All joking asides be very cautious and mindful of polarity when working with the battery banks.


----------



## FireInTheWire (Oct 30, 2011)

mikeh32 said:


> If you are new, and it has raised floor....
> 
> Hope you like crawling around.
> 
> ...


It's for the state, so probably kinda big.


----------



## mikeh32 (Feb 16, 2009)

are you doing the low volt stuff, or higher?


----------



## FireInTheWire (Oct 30, 2011)

mikeh32 said:


> are you doing the low volt stuff, or higher?


Low voltage this time... the JATC said I could do this last low volt job until I get called out to a regular electrical job.


----------



## mikeh32 (Feb 16, 2009)

Hope you have small fingers, and glasses 

lol


----------



## FireInTheWire (Oct 30, 2011)

mikeh32 said:


> Hope you have small fingers, and glasses
> 
> lol


Yeah, no KIDDING! I am lucky enough to have narrow fingers, but I actually grew my fingernails a little bit last week so I could peel the tape off of the cables and seat the little wires in the jacks without completely destroying the tip of my thumbs.

:thumbup:


----------



## mikeh32 (Feb 16, 2009)

go to radio shack, and pick up this blue stripper/punch down

it looks like this











You will learn to love it


----------



## FireInTheWire (Oct 30, 2011)

Oooohhh.... I'll have to treat myself!
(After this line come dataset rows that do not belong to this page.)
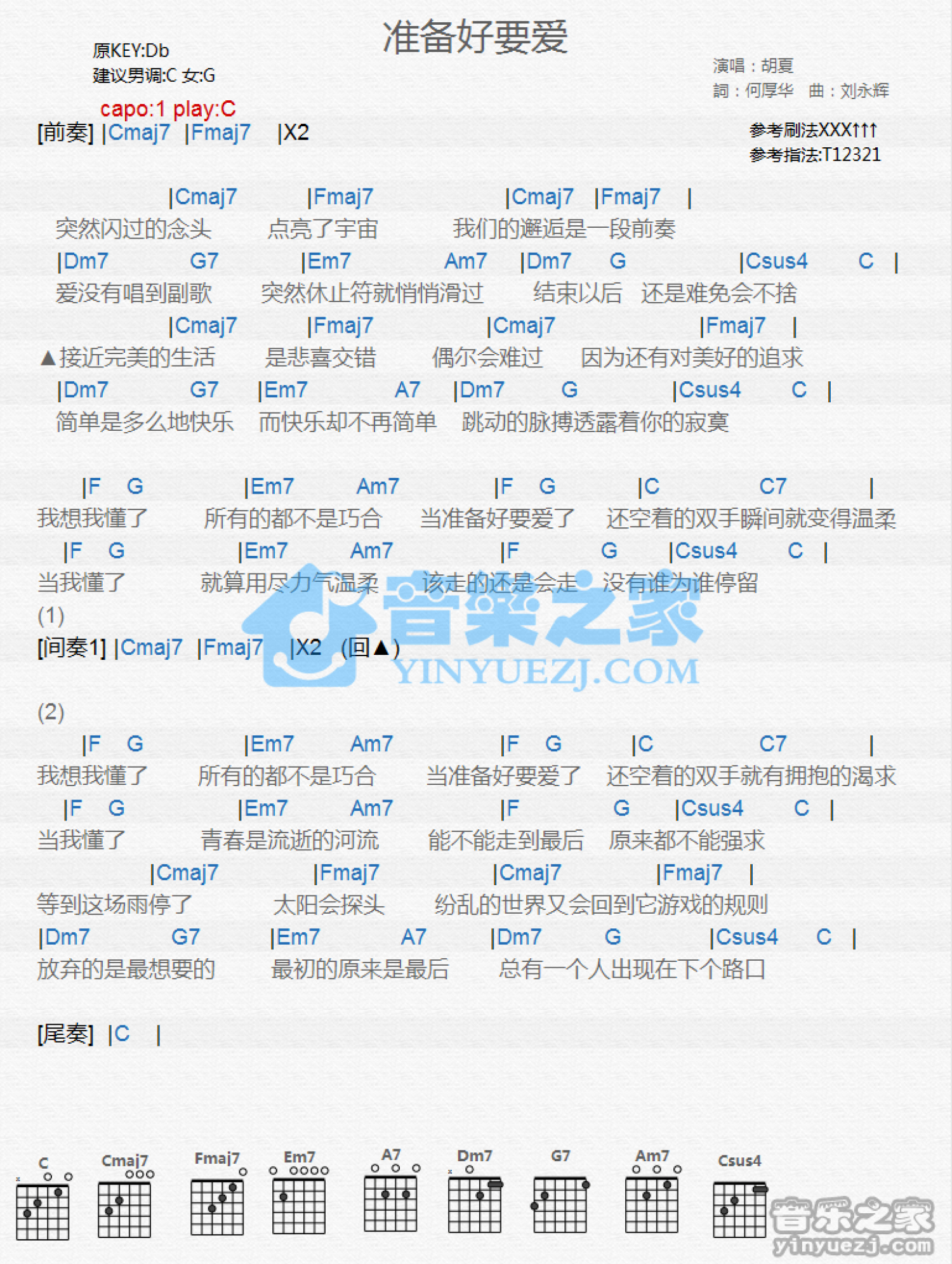 曲谱介绍: C调版《准备好要爱》吉他和弦弹唱谱
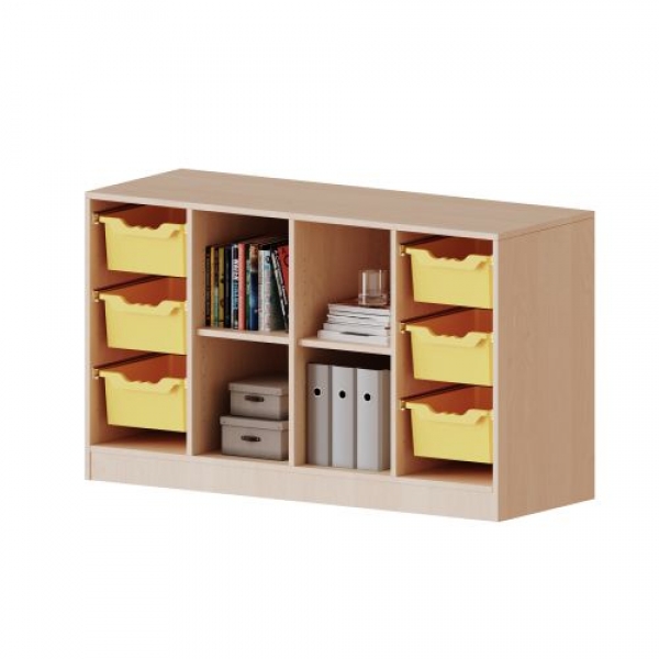 mit Möbelstellfüßen, rechts und links je 3 hohe ErgoTray Boxen, in der Mitte 4 offene Fächer, B/H/T: 138,7x82x50 cm
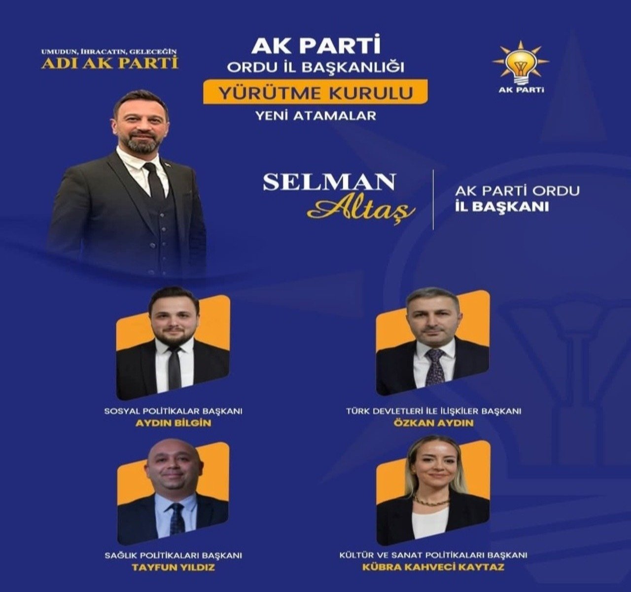 Kısa süre önce AK Parti Genel Merkez Teşkilat Başkanlığı , ihdas edilen yeni yürütme kurulu birim başkanlıklarını duyurmuştu.AK Parti Ordu İl Başkanlığı olarak yeni birim başkanlıklarına görevlendirmeleri yaptı.
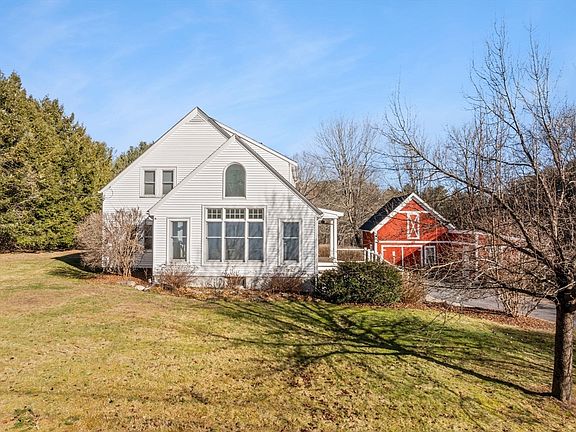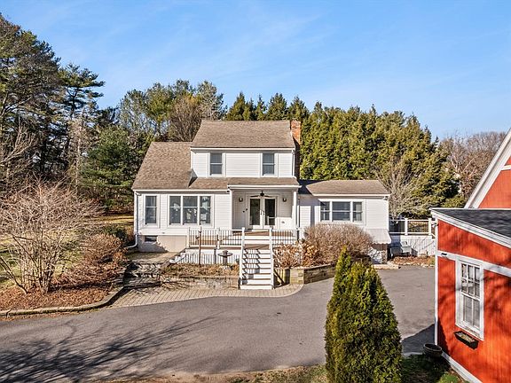 Fall in love with this beautifully maintained property in a picturesque setting with over 4 acres, a big red barn, and your very own pond. This charming home offers a perfect blend of classic New England character and modern conveniences. As you enter this home, you are welcomed into a spectacular newly updated kitchen/dining space flooded with sunlight and a huge island perfect for entertaining. Pass by your built-in coffee bar combo mudroom/office and enter your amazing cathedral ceiling living room with fireplace and economical pellet stove. The living room opens to your sizable back deck where you can admire your beautiful back yard surroundings. There is a first floor bedroom and full bathroom. Upstairs you will find a primary bedroom and second bedroom with an additional full bath. The basement features a workout space, a playroom/den, and an additional office space. Outside you will be thrilled to find a bonus man/woman cave in the barn - it also makes for a great workshop!
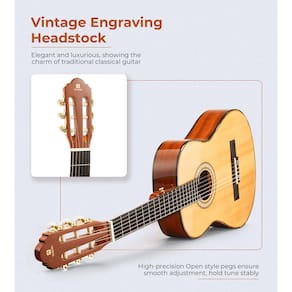 - ? [Ideal para iniciantes]: a guitarra clássica Vangoa possui cordas de nylon macias, botões abertos de alta precisão, uma escala suave, pescoço em forma de C e um afinador de guitarra para uma aderência e pressão confortáveis, bem como afinação mais precisa e estabilidade duradoura, facilitando para iniciantes aprenderem e tocarem

Thanks!


----------



## mikeh32 (Feb 16, 2009)

it will help with stripping the wires, and pushing them in. 

Im at the point i cant feel my finger tips anyway, but for people who dont do it often they help


----------



## edwards.kevin41 (Dec 7, 2011)

Hope your data center work has commenced and going on well.


----------



## FireInTheWire (Oct 30, 2011)

edwards.kevin41 said:


> Hope your data center work has commenced and going on well.
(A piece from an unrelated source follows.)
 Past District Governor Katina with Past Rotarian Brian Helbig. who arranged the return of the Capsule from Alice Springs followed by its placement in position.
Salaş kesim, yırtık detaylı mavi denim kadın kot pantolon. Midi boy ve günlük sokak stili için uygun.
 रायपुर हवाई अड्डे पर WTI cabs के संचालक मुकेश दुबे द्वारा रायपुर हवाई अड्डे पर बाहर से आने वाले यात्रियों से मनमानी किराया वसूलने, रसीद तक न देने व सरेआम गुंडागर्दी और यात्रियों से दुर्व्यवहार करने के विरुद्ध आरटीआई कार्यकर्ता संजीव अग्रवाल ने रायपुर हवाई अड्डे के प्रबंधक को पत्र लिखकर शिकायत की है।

 This data center is very good training for me. I've never done one before, so I am not used to dressing things in absolutely perfectly pinstriped like this. The company I'm working for is trying to give a good impression to our customer, so it has to be *perfect*.
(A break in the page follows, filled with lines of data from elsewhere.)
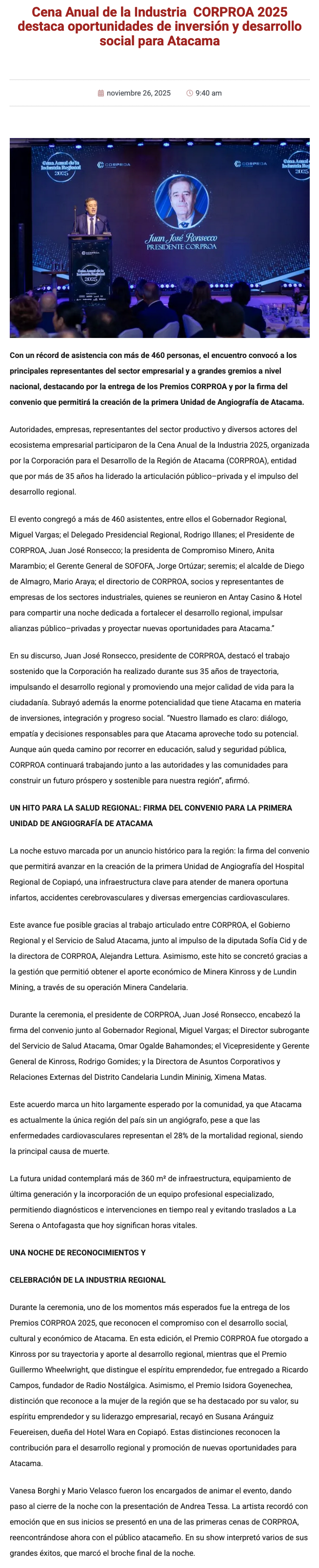 Cena Anual de la Industria CORPROA 2025 destaca oportunidades de inversión y desarrollo social para Atacama - (chanarcillo.cl)
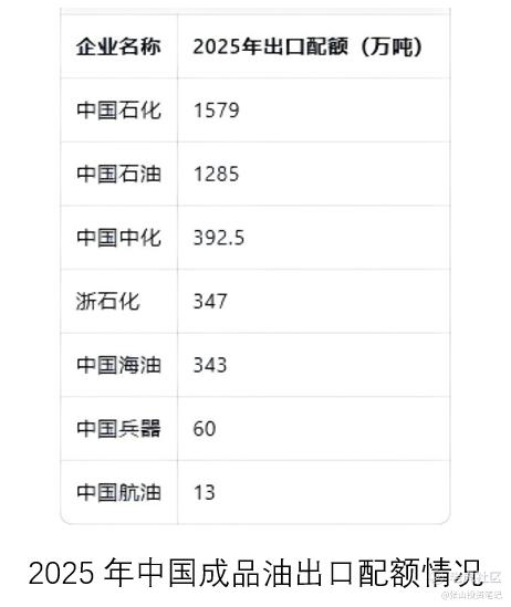 从企业资质看,中国成品油出口仍以国企为主导,中国石化(1579万吨)、中国石油(1285万吨)占据成品油出口市场主要份额。其中,荣盛石化是目前国内唯一具备成品油出口资质的民营炼化企业,其旗下子公司浙石化2025年获得成品油出口配额347万吨。
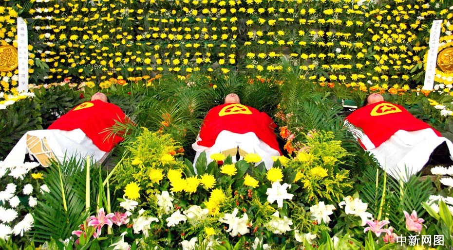 陳及時(shí)、何東旭、方招三 位英雄的遺體安放在鮮花叢中。曾尉 攝
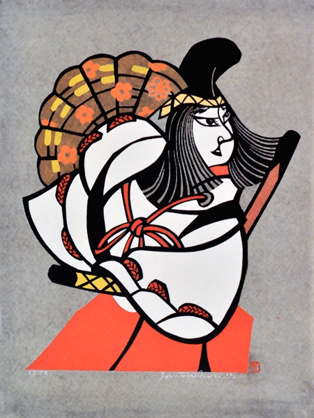 1972 70.0×52.0 祇王の舞 ed.50森義利作品の大多数の作品は、合羽摺りという技法によって摺られています。数枚の薄い和紙を柿渋で塗り、張り合わせて仕上げた強靭な渋紙に描画し、作品の最後の仕上げに墨色で輪郭をつけて摺る「骨線摺り」を多用した技法です。

It's kinda sad though... this will be the last communications job I do- I start the electrical apprenticeship in like 10 days! I know I can take the lessons learned here and apply them somewhere in electrical world.


----------



## running dummy (Mar 19, 2009)

You have the right attitude. I'm currently on a data center job in iowa and love this type of work. it's slow going but everything has to be perfect. we are doing temperature control...


----------



## jackson26 (Dec 28, 2011)

Data center is a facility for the storage, management and information of data organized to a particular business. Actually, every organization has a data center.

Best Of Luck:thumbup:


----------



## bullheadpond (Jan 6, 2012)

Be open minded . Data it people are usually very picky. Watch your color code well. If its cat5e or cat6 it will be either 568b or 568a wiring. Make sure 1&2 and 3 & 6 are pairs as well as 4&5 and 7&8. Many people think it doesn't matter because it just wire passing a signal but it does matter especially once the systems starts getting close to maxing out. Basically follow the color codes and don't bend the wires any where near a right angle and you should do fine.


----------